Quote:
|
Originally Posted by wedgebert
Actually, there wouldn't be a fireball in space A nuke in space would just be a giant flash of light along with a massive release of non-visible radiation. A starship hull isn't going to help much against the radiation levels a nuke puts out (depending on yield of course). I might absorb a lot of the gamma radiation, but that's going to cause the hull itself to heat up and it can cause it to break apart as well. I'd wager that a kiloton nuke going off 100 meters from your hull is going to cause serious problems to both the hull and the crew inside.
|
True; the primary killing system is the sleet of radiation the device produces. There was a lot of work done on the design of space-initiated nuclear devices back in the old days of Nike-Zeus. The designs used a lot of tricks to up the radiation yield at the expense of the blast and thermal effects. One of them was to wrap the device in gold foil. The "explosive" effects of an initiation in space are astonishingly limited; 100 meters probably would protect a reasonably heavily-constructed space ship from damage from a 1 kiloton initiation. Unless the warhead was heavily doped using tricks, I believe the hull would provide enough protection to limit radiation damage to the crew. In Balance of Terror, the nuclear device used was IIRC a scuttling charge. So it was probably a pretty conventional device.

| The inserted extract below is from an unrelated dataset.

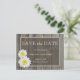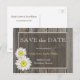 Rustic save the date postcards with white daisies on a weathered barn wood background.
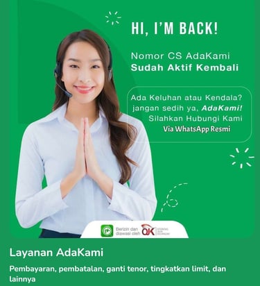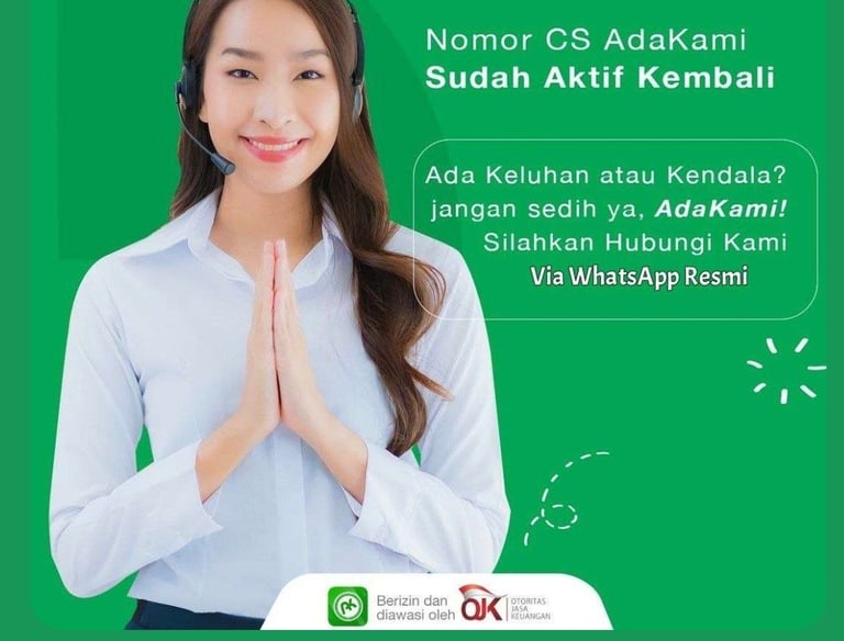 AdaKami, solusi dapatkan pinjaman dana tunai online dengan proses yang mudah dan cepat. Dapatkan akses pinjaman uang online tanpa jaminan, tanpa ribet, bisa langsung cair secara instan dalam waktu 1 hari kapan pun dan dimanapun melalui aplikasi AdaKami. AdaKami secara resmi telah berizin dan diawasi OJK.

By the way. most of the radioactive product from an initiation comes from debris being sucked into the fireball. That ain't going to happen much in space. We never really worried much about gamma. If blast and flash are going to reduce a victim to the size and appearance of a McDonalds hamburger, irradiating them as well isn't a productive use of resources. As a friend of mine put it, it isn't the explosion that kills you, its the fall to the bottom of the crater.